Atrium opened its brewery during the pandemic and like all businesses, has made steps to try and adapt to the restrictions.

"We ordered heaters for our patio 8 weeks ago. They're all on backorder, everybody needs heaters for their patio right now," Guy said.

The governor said there will need to be a strong commitment of mask and social distancing enforcement for businesses to remain open indoors.

"We have to tread very lightly we have to plan for the worst," Guy said. "We just cant wait to be a community in this space because we haven’t gotten that opportunity yet.”

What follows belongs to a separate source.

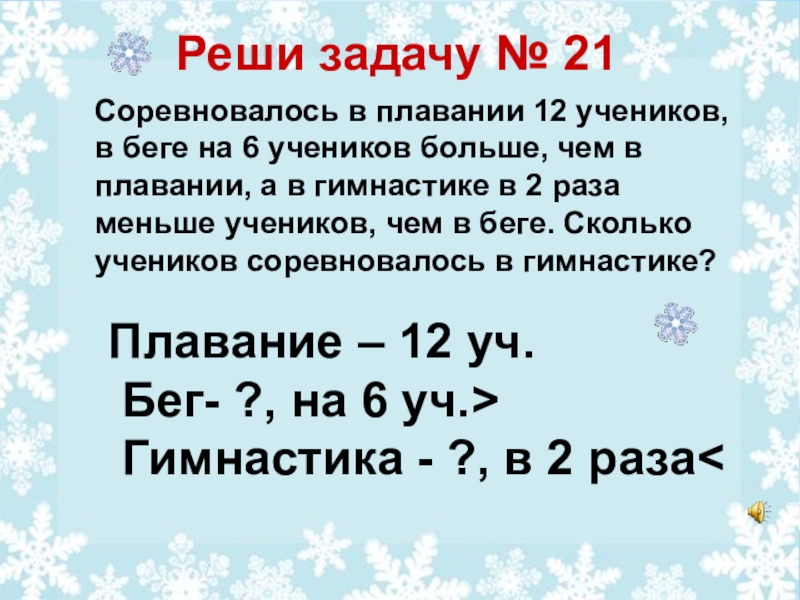 Соревновалось в плавании 12 учеников, в беге на 6 учеников больше, чем в плавании, а в гимнастике в 2 раза меньше учеников, чем в беге. Сколько учеников соревновалось в гимнастике?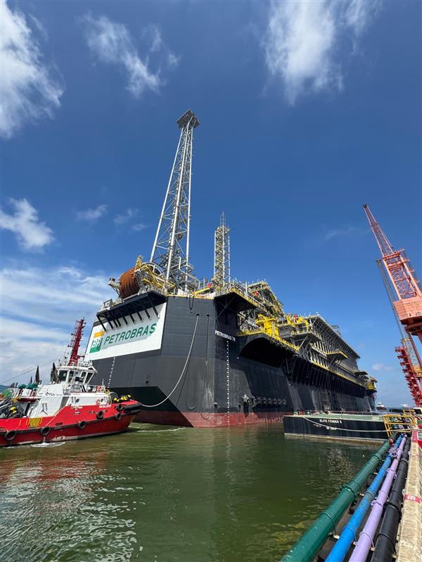 O navio-plataforma P-78 deixou ontem, 13/07, o estaleiro Benoi da Empresa Seatrium, em Singapura, rumo ao campo de petróleo de Búzios, no pré-sal da Bacia de Santos. A plataforma será rebocada até a locação com tripulação a bordo, o que vai permitir antecipar o início da produção em cerca de duas semanas. O transporte na condição tripulada permite que diversos sistemas complexos do FPSO sejam mantidos em condição operacional, a continuidade do processo de comissionamento e o treinamento das equipes nesses sistemas, diminuindo o tempo total entre a chegada na locação final e o início da produção de petróleo.

Restaurants and bars remain skeptical the shutdowns are over, but they remain hopeful. 

"I sure hope it's behind us at this point," Oakley said. "Well over the majority of restaurants are playing by the rules, they care about their customers, they care about their employees, and it’s a safe place to be able to go out and enjoy yourself with your family.”

Gyms, theatres, recreation centers and other small venues were also able to open up Monday at a 50% capacity.